▸ Directions
Emit the data below verbatim, stripping out any pictures.
** Opening Records supplied block **
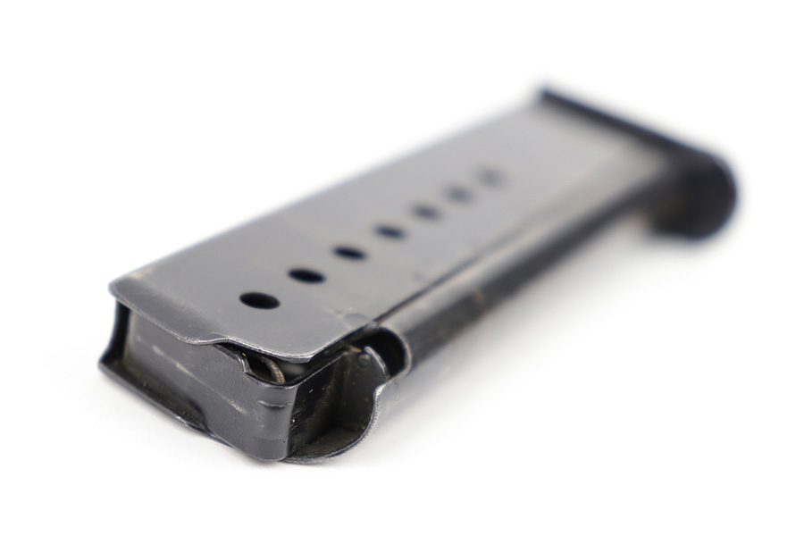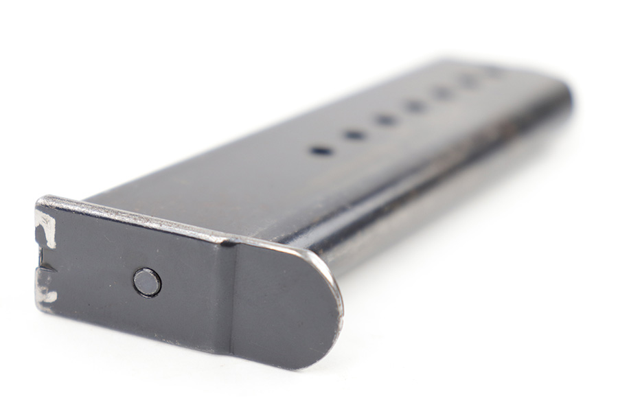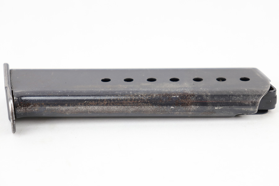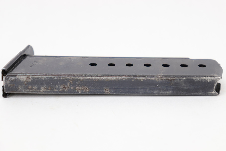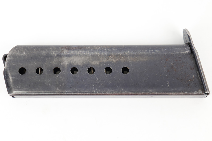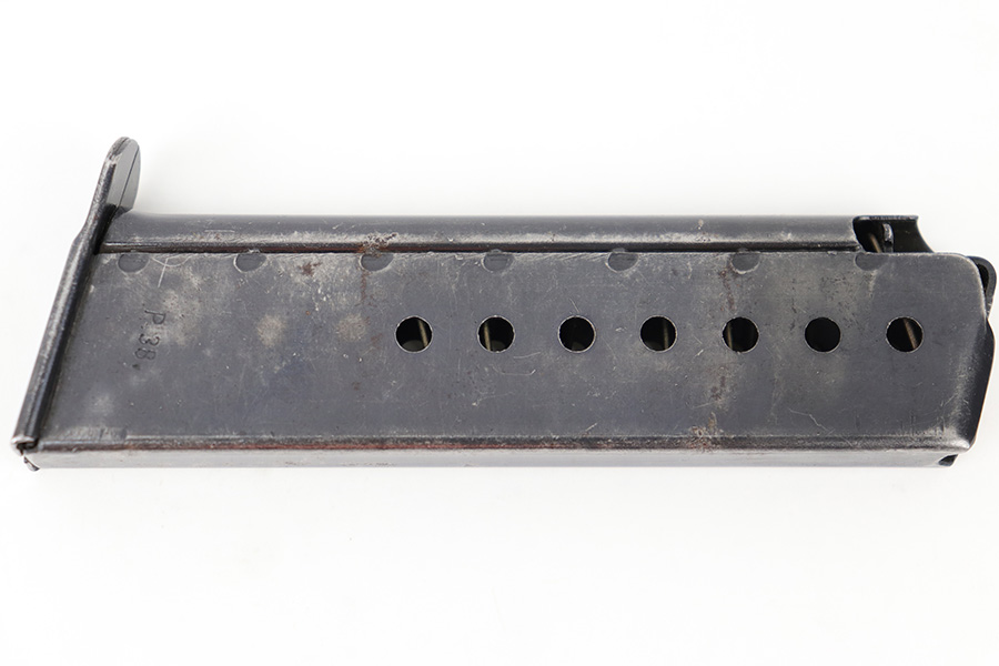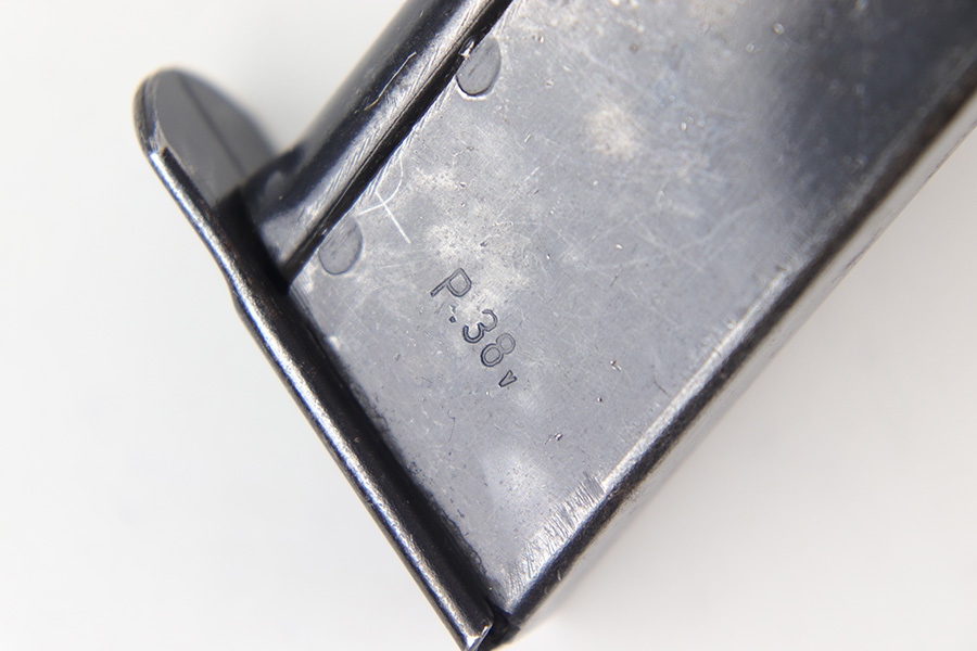 6/20/23 – This is an original WW2 production P.38 magazine. The magazine is somewhat unusual because it lacks any proof stamps. These are believed to be commercial-issued magazines. The only external stamp is a P.38v stamp on the left side of the tube. The magazine has a wartime finish with areas of mild finish loss and surface patina. The spring is strong and fully functional.
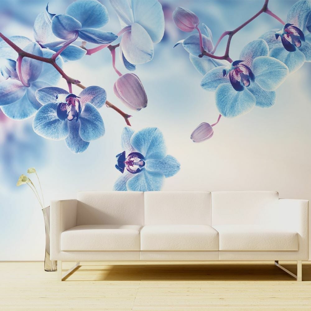 Mavi Lila Orkide Çiçekler Duvar Kağıdı
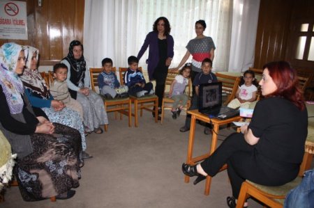 Zonguldak Halk Sağlığı Müdürlüğü'ne bağlı Toplum Sağlığı Merkezi'nde görevli hemşireler, 7. Aşı Haftası etkinlikleri kapsamında kentte yaşayan Vanlı depremzedeleri aşı konusunda bilgilendirdi.
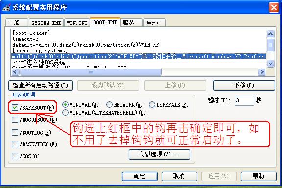 的确,在XP系统中,没有单独的让人进入安全模式的,
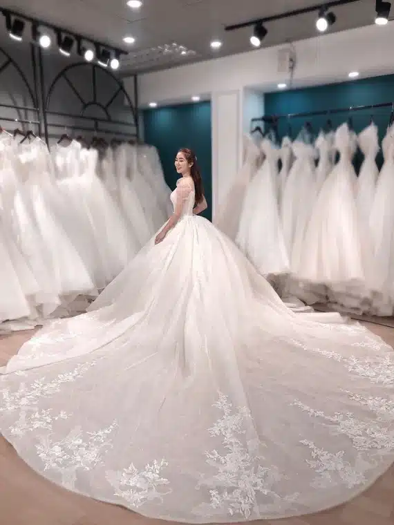 Lace and tulle ball gown with a high neckline and lace appliques.
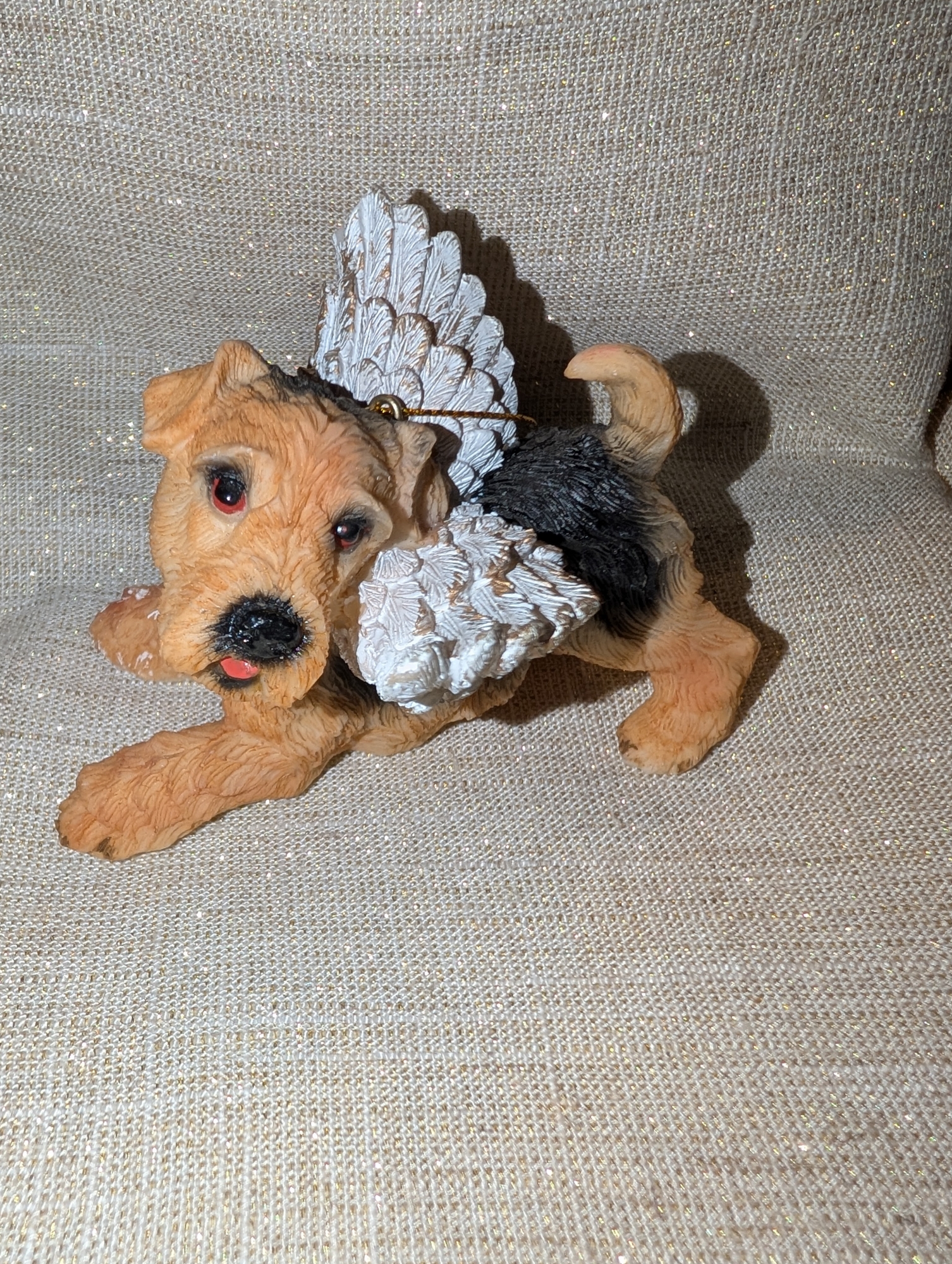 An adorable pose for an Airedale ornament - the play bow. This Angel Airedale is 4" long and 3" tall
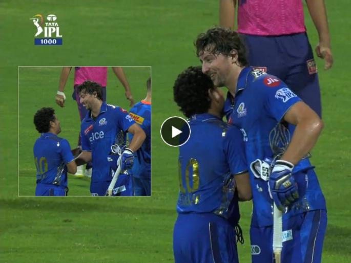 MI vs RR, IPL 2023: टीम डेव्हिडने राजस्थान रॉयल्सविरुद्ध 14 चेंडूत 45 धावा केल्या आणि 321 पेक्षा जास्त स्ट्राइक रेटने फलंदाजी केली. त्याच्या नाबाद खेळीत 5 षटकारांचा समावेश होता. तुम्ही क्रिकेटच्या मैदानावर सचिनसमोर भल्याभल्यांना नतमस्तक होताना पाहिलं असेल. पण, सचिनही हेच काम दुसऱ्यासाठी करताना क्वचितच पाहायला मिळतो. IPL च्या इतिहासातील 1000 व्या सामन्यातही असेच काहीसे घडले होते, जिथे सचिनने मुंबई इंडियन्सच्या विजयानंतर टीम डेव्हिडला मैदानावर उतरल्यानंतर थेट मिठी मारली.
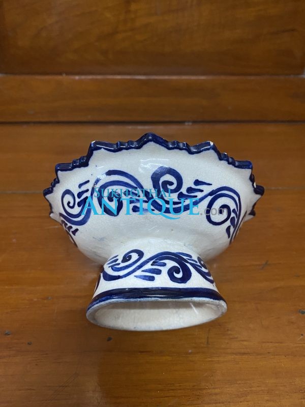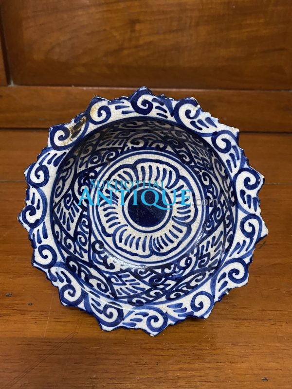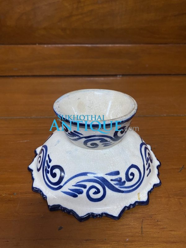 จานเชิงเก่าสมัยรัตนโกสิทร์ใบสีขาวลวดลายสีนำ้เงินโดยรอบทั้งบนและล่าง
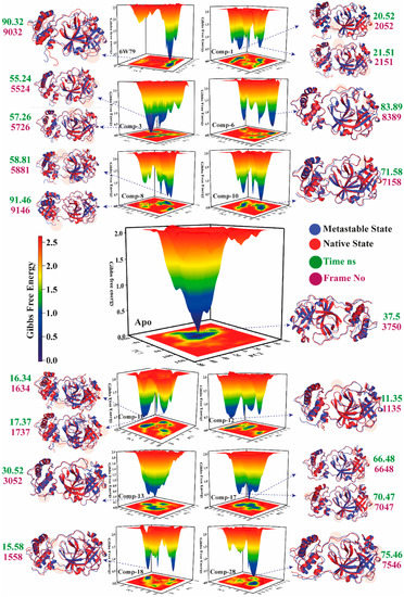 The free energy landscape (FEL) of free state and inhibited states is shown. High and low energy states are shown in distinct colors in the plot. The minimal, intermediate, and the high energy states are presented in dark blue, yellow, and red, respectively. The time of the metastable states (ns) and frame number is presented in green and purple, respectively. The metastable states and the native structures of Mpro are depicted in cartoon model in blue and red, respectively.
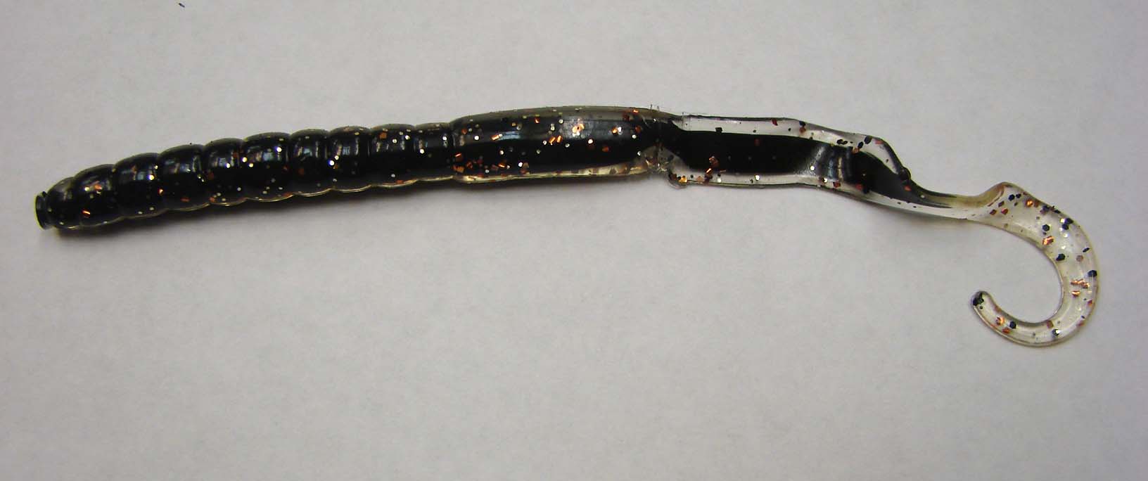 The worm is a 6" ringtail, the core is black (outer shell is clear) and has silver and bronze flakes.
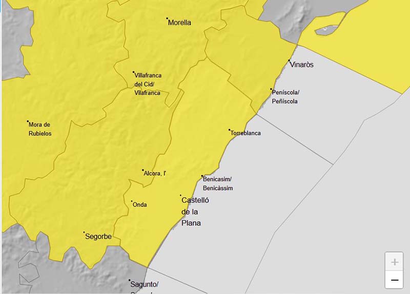 L’Agència Estatal de Meterologoia (AEMET) ha instaurat per demà, dijous 5 de març, una alerta groga per precipitacions en el litoral i interior nord de la província de Castelló.
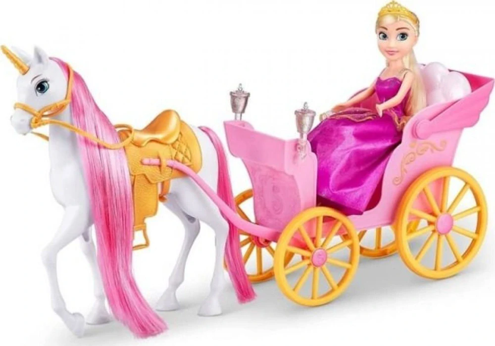 Princezna Sparkle Girlz, která má překrásné šatičky a je veliká 28 cm. Součástí sady je kůň a kočár. Věk: 3+. Rozměr balení: 54 × 15 × 31 cm.
** Closing Records supplied block **
▸ Response
 6/20/23 – This is an original WW2 production P.38 magazine. The magazine is somewhat unusual because it lacks any proof stamps. These are believed to be commercial-issued magazines. The only external stamp is a P.38v stamp on the left side of the tube. The magazine has a wartime finish with areas of mild finish loss and surface patina. The spring is strong and fully functional.
 Mavi Lila Orkide Çiçekler Duvar Kağıdı
 Zonguldak Halk Sağlığı Müdürlüğü'ne bağlı Toplum Sağlığı Merkezi'nde görevli hemşireler, 7. Aşı Haftası etkinlikleri kapsamında kentte yaşayan Vanlı depremzedeleri aşı konusunda bilgilendirdi.
 的确,在XP系统中,没有单独的让人进入安全模式的,
 Lace and tulle ball gown with a high neckline and lace appliques.
 An adorable pose for an Airedale ornament - the play bow. This Angel Airedale is 4" long and 3" tall
 MI vs RR, IPL 2023: टीम डेव्हिडने राजस्थान रॉयल्सविरुद्ध 14 चेंडूत 45 धावा केल्या आणि 321 पेक्षा जास्त स्ट्राइक रेटने फलंदाजी केली. त्याच्या नाबाद खेळीत 5 षटकारांचा समावेश होता. तुम्ही क्रिकेटच्या मैदानावर सचिनसमोर भल्याभल्यांना नतमस्तक होताना पाहिलं असेल. पण, सचिनही हेच काम दुसऱ्यासाठी करताना क्वचितच पाहायला मिळतो. IPL च्या इतिहासातील 1000 व्या सामन्यातही असेच काहीसे घडले होते, जिथे सचिनने मुंबई इंडियन्सच्या विजयानंतर टीम डेव्हिडला मैदानावर उतरल्यानंतर थेट मिठी मारली.
 จานเชิงเก่าสมัยรัตนโกสิทร์ใบสีขาวลวดลายสีนำ้เงินโดยรอบทั้งบนและล่าง
 The free energy landscape (FEL) of free state and inhibited states is shown. High and low energy states are shown in distinct colors in the plot. The minimal, intermediate, and the high energy states are presented in dark blue, yellow, and red, respectively. The time of the metastable states (ns) and frame number is presented in green and purple, respectively. The metastable states and the native structures of Mpro are depicted in cartoon model in blue and red, respectively.
 The worm is a 6" ringtail, the core is black (outer shell is clear) and has silver and bronze flakes.
 L’Agència Estatal de Meterologoia (AEMET) ha instaurat per demà, dijous 5 de març, una alerta groga per precipitacions en el litoral i interior nord de la província de Castelló.
 Princezna Sparkle Girlz, která má překrásné šatičky a je veliká 28 cm. Součástí sady je kůň a kočár. Věk: 3+. Rozměr balení: 54 × 15 × 31 cm.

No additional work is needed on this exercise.